I’ve honestly never really understood this, and understand it even less in the era of cheap hi-res flat-screen displays that can be mounted en masse at every concessions stand. Fans would really rather be able to peer over the heads of people in standing room to see a distant sliver of field than to just watch a TV for the time it takes to wait on cheese fries?
Given how many good seats it takes out of circulation to leave a giant swath of open space in the middle of every deck, this is easily my vote for “most pointless design trend.” When did it start, anyway? Comerica Park, around then?
Interesting, if predictable. A Nonagenarian non-resident (he is and so far as I know always has been a Detroit – well, alright, Grosse Pointe – resident) owner gets more millions from the good folk of NY just for, um, not… well, probably not leaving… at least not right now.
Just wondering… cutting the number of gates by 33%… is this based on casino-nomics?
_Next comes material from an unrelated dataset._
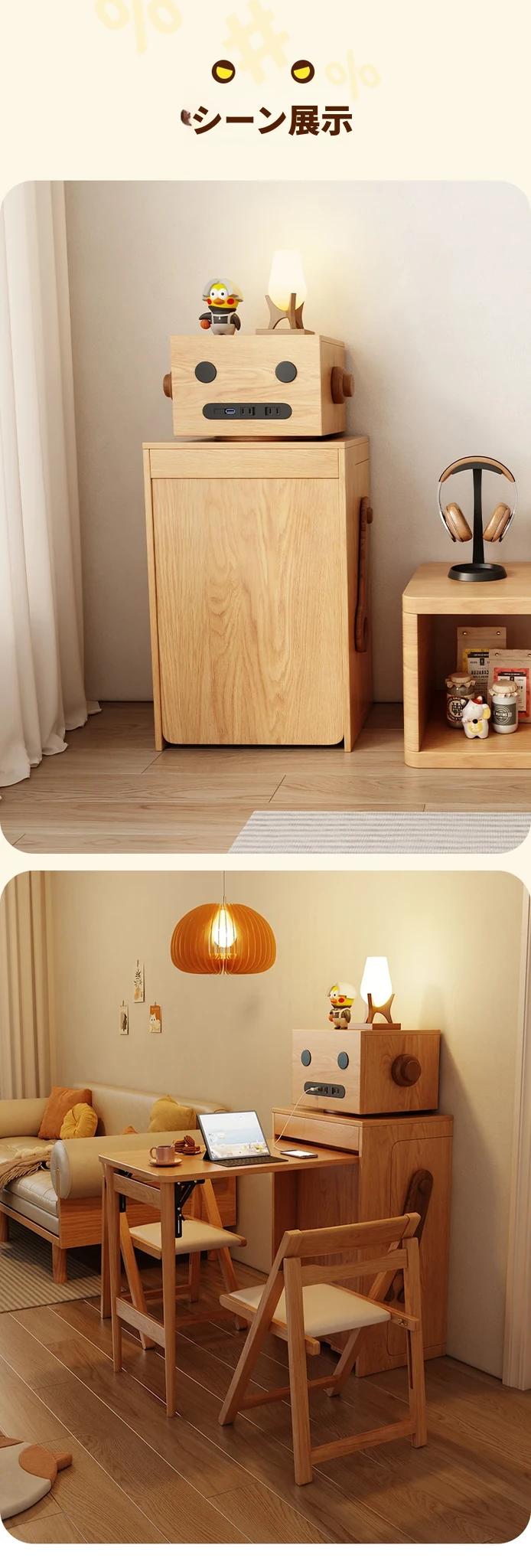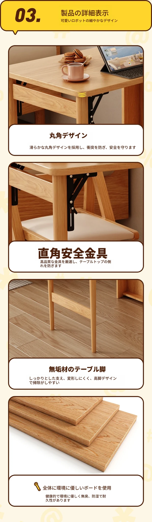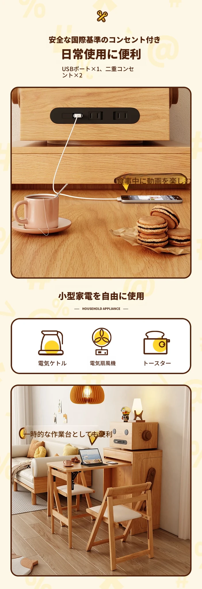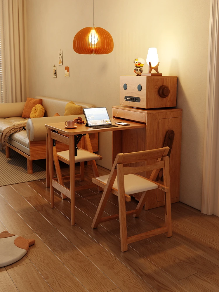 天然木目調デザインの伸縮ダイニングテーブルとキャビネット一体型、省スペースで使える多機能家具。小さなお部屋にもぴったり!折りたたみ可能で、収納力抜群、自由自在に変形して快適な生活空間を演出します。

You know, make it hard for people to get into and out of the stadium without exitting through a giftshop/racino/whatever?
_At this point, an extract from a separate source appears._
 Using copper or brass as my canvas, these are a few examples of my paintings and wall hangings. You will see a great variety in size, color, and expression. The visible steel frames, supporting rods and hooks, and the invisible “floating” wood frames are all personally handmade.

“. Fans would really rather be able to peer over the heads of people in standing room to see a distant sliver of field than to just watch a TV for the time it takes to wait on cheese fries?”
That’s exactly what happened at Rogers Centre: They tore out a bunch of seats so that the 100 level concourse has a full view, which kinda opens it up a bit, but people from other sections (like, cough, me) mainly just come around and stand in all the good viewing places for a few innings and eat their ice cream.
The other issue I can recall with RWS is that those sitting in the first row of the “dugout” suites around the stadium generally have to stand if people in the row in front of them are. *plays violin*
Neil/Ty:
I don’t know if there is much in the way of hard data to demonstrate that concourses with an “open view to the field” are more attractive to fans. I’ve always looked at it from the opposite perspective… that the teams see “concourses with a view” as removing one possible disincentive for fans to leave their seats and stand in line to pay $8 for cardboard nachos with cheese simulant #118 on them.
I doesn’t work for me (I prefer to watch the game on the tvs that now seem to be hung pretty much everywhere in the concourses – increasingly, I prefer staying home and watching on tv period… but that’s another story) instead of trying to see the field while waiting… Obviously, a better option entirely is to get your food near the end or start of a quarter/period whatever… but in a full stadium this can take quite awhile.
I guess what I’m saying is that in my experience, it doesn’t remove a disincentive at all, because you can’t see squat from the concessions area. I guess if something incredibly exciting happened you could abandon your spot on line, dash over to the sliver of field that’s visible from the concourse, and get there just in time to … see the replay on the scoreboard?
I’m guessing if you asked fans, “Would you rather have your seats 30 feet closer to the field, or be able to see a glimpse of green while waiting for hot dogs?” most would take the former. But then, nobody in stadium design ever asks those questions, and nobody in team marketing ever tries to calculate how many fans stay home to watch on TV because the seats at the stadium are too crappy.